Mais si la Russie, née de l’Eurasie, a fini par embrasser l’Eurasie toute entière et par s’y confondre, elle n’y est parvenue qu’en étant d’abord elle-même. Autre saga, à l’intérieur de la première ; affirmation, au milieu de l’infini et pour mieux s’y maintenir, d’un axe et d’un centre.

Moscou

Aujourd’hui encore, Moscou étonne, subjugue, séduit. Le voyageur qui vient pour la première fois dans la capitale russe a lu tous les livres où l’on déplore la démolition, sous Staline, des églises et des vieux quartiers, la mise à mort – à coups de bombe – du monastère du Miracle et du Temple du Christ-Sauveur,  l’arasement de la tour Soukharev, la destruction des anciens boulevards ombragés de tilleuls centenaires.
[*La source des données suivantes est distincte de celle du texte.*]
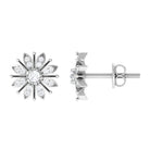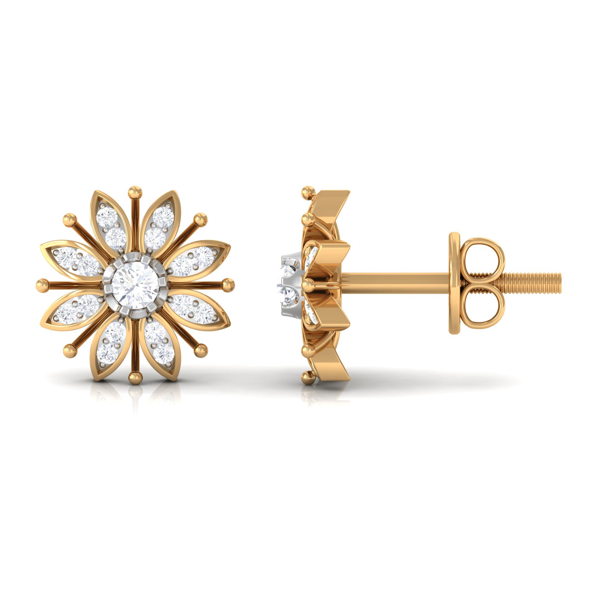 Indulge in the delicate charm of floral elegance with these Flower Stud Earrings, designed to bring a soft yet captivating sparkle to your everyday look. Each Earring blooms with a graceful Flower design, crafted to highlight every curve and petal. The sparkling Diamond stones placed within the design catch the light beautifully, adding a touch of radiance that feels fresh, feminine and effortlessly stylish. Secured with Screw Back Closure, these Diamond Stud Earrings offer comfort and confidence from morning until night, making them perfect for workdays, weekend brunches, romantic dinners or special celebrations. Their versatile sparkle pairs seamlessly with everything, giving your outfit a graceful finishing touch without overwhelming your style. Presented in a signature jewelry box, these Diamond Flower Earrings make a thoughtful surprise for birthdays, anniversaries, holidays or simply to brighten someone’s day. Whether you are treating yourself or a loved one, these Diamond Earrings carry a timeless beauty that never fades.

Mais ce qu’il voit le désarme. Le Moscou du tsar rouge ressemble, sans doute, au Berlin néo-romain de Hitler et de Speer, ou au Washington, étrangement  « impérial », lui aussi, bardé lui aussi d’aigles de bronze et de colonnes à feuille d’acanthe, des années vingt, trente ou quarante. Mais c’est moins carré, plus rond, moins classique, plus baroque : la Moskova s’y faufile comme un serpent châtoyant au milieu de façades taillées dans des pierres roses ou rouges, les gratte-ciel italianisants y éclatent comme des coups de théâtre, les avenues ne s’y croisent pas en damier, mais rayonnent, et tout enfin vient buter sur cette contradiction énorme, inexplicable, le maintien, au milieu même de la cité utopique, de Saint-Basile, orgues et sucres d’orge, et surtout du Kremlin, palais d’Ali-Baba et de Baba-Yaga réunis, couleur de sang caillé et de métal rouillé. 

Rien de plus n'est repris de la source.